Appalling memory management?

Discussion in 'Installation and Configuration of Parallels Desktop' started by wigwam_salesman, Apr 24, 2012.

  1. wigwam_salesman

    wigwam_salesman Bit poster

    Messages:
    1
    Am I missing something, or is Parallels 7 for Mac deliberately programmed to have as inefficient memory management as possibe. Maybe some tie-in with crucial to sell more RAM?

    I have 8GB RAM in my MacBook Pro. More than plenty for virtualisation. Parallels has been told it can have 2, which doesn't really mean anything as it takes what it wants.

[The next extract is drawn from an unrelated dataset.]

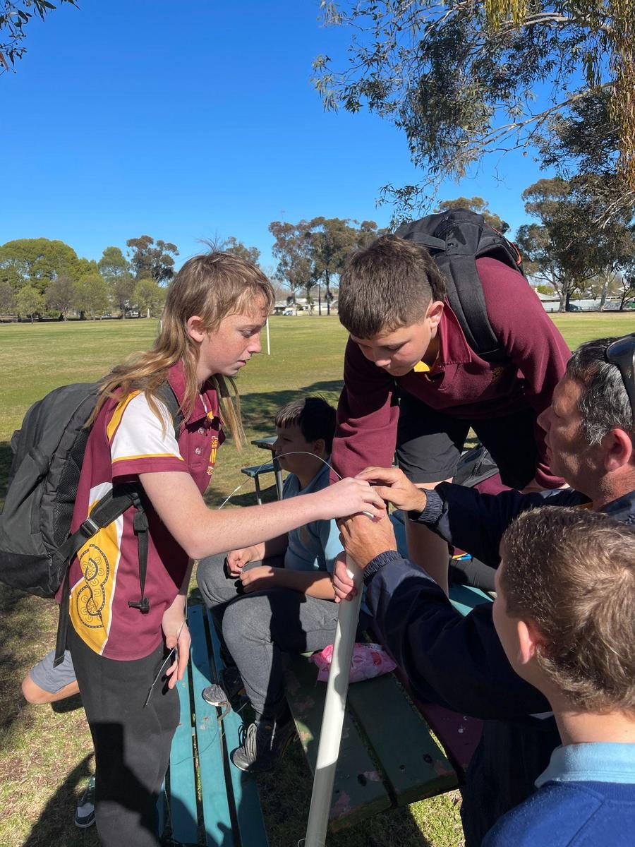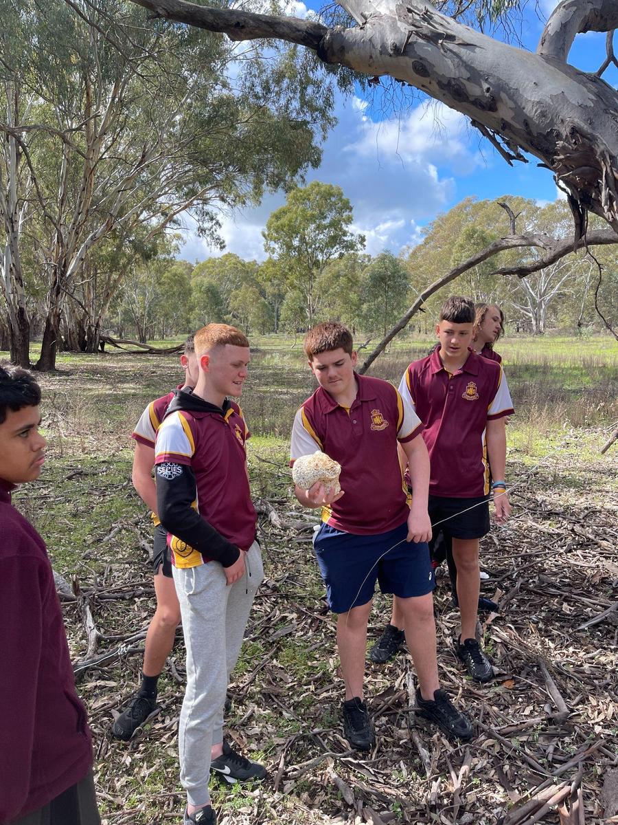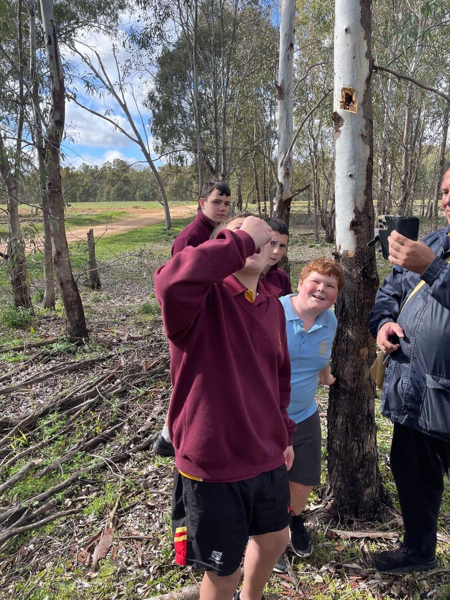 Next we headed out to the Narrandera common, eager to put our new skills to the test by searching for Bardi grubs. We carefully examined numerous holes in the ground known to be grub habitats but, unfortunately were unsuccessful in catching any this time. Undeterred we expanded our search to find Witchetty grubs, another important bush food, thankfully we were able to discover a few hidden in the trees. Curious and adventurous, a couple of the boys even tried tasting the Witchetty grubs, embracing the full experience of traditional bush food.
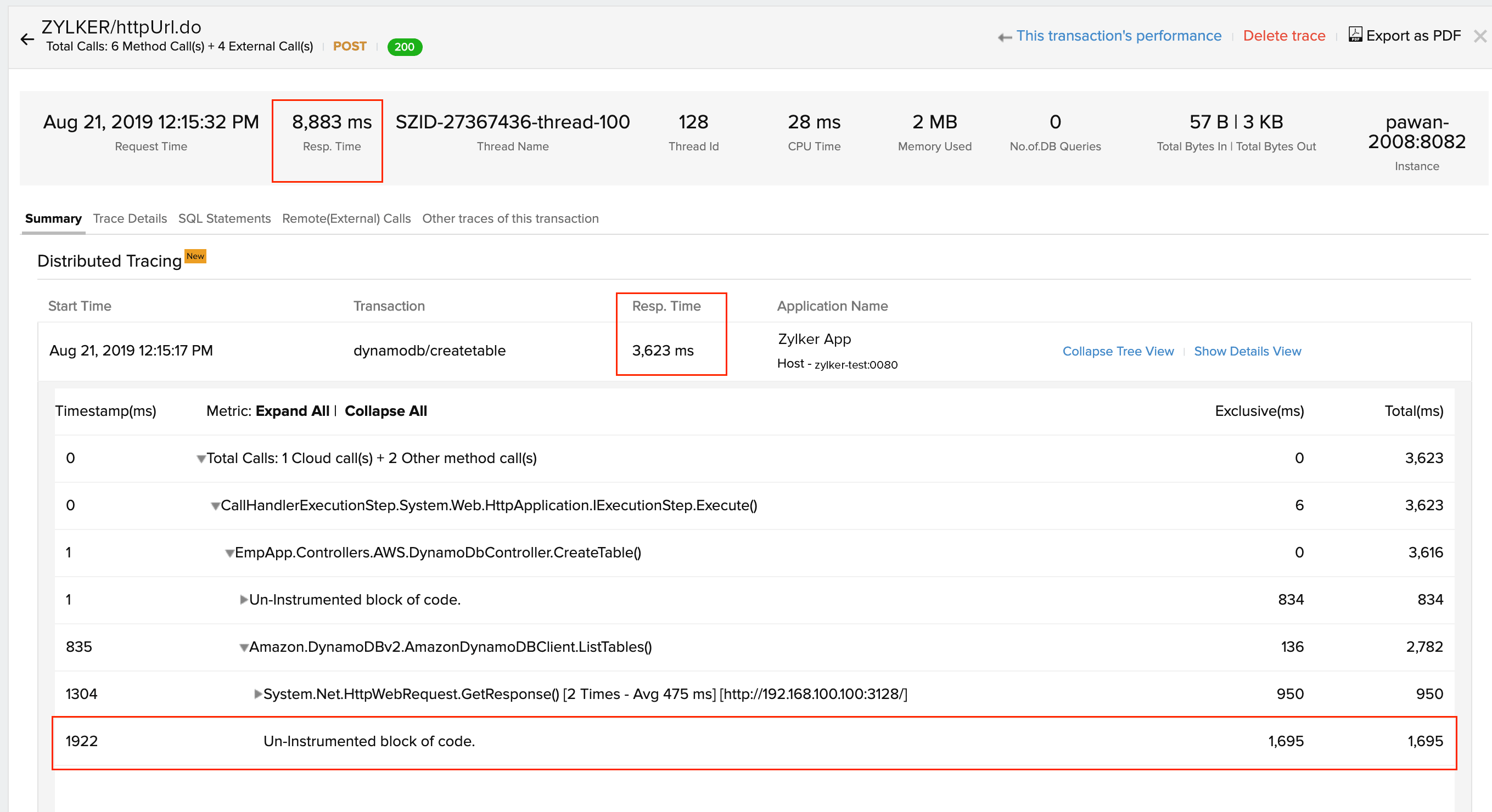 顶部栏显示详细的指标,例如事务占用的总响应时间(在本例中为 8,883 毫秒)、其中一个事务贡献的部分响应时间(3,623 毫秒)、内存使用情况等。通过单击应用程序名称右侧的展开树视图,您可以查看花费大量时间来完成此请求的方法调用和代码块。

    Without parallels my memory usage tends to be around 3.5GB all in, unless photoshopping, or about 2.5GB with no programs open. So why am I now up to 7.2GB and climbing with no OSX programs open and just parallels running?

    It was at 6 (far too high anyway), but I rebooted the VM and it only gave me 1GB of it back. Essentially each reboot will cost me 1GB RAM?

    What is wrong with this program? Is there any fix for it or shall I just ask for a refund?
     
  2. Specimen

    Specimen Product Expert

    Messages:
    3,236
    That's most likely the result of the way OSX manages RAM, there is a thing called inactive memory which is memory that was used by a program but isn't in use anymore, OSX will retain it if you have free memory, and this happens for a good reason, if the said program requires the files that are stored in inactive memory it will use them instead of reading again from the disk, speeding everything up. Basically the logic OSX follows is, if you have RAM why not use it, free memory space is just sitting there being wasted, use it for speeding up apps.

    If you don't see any slowness happening due to paging you have nothing to complain about, your RAM is being used to its fullest improving the speed of everything, that's how it's supposed to work.

    If you leave Safari (or any other browser) open for days, and constantly browse the internet, you'll see a similar behaviour.

    Again, I say, most likely the result, can be another problem, but the said behaviour is characteristic of OSX.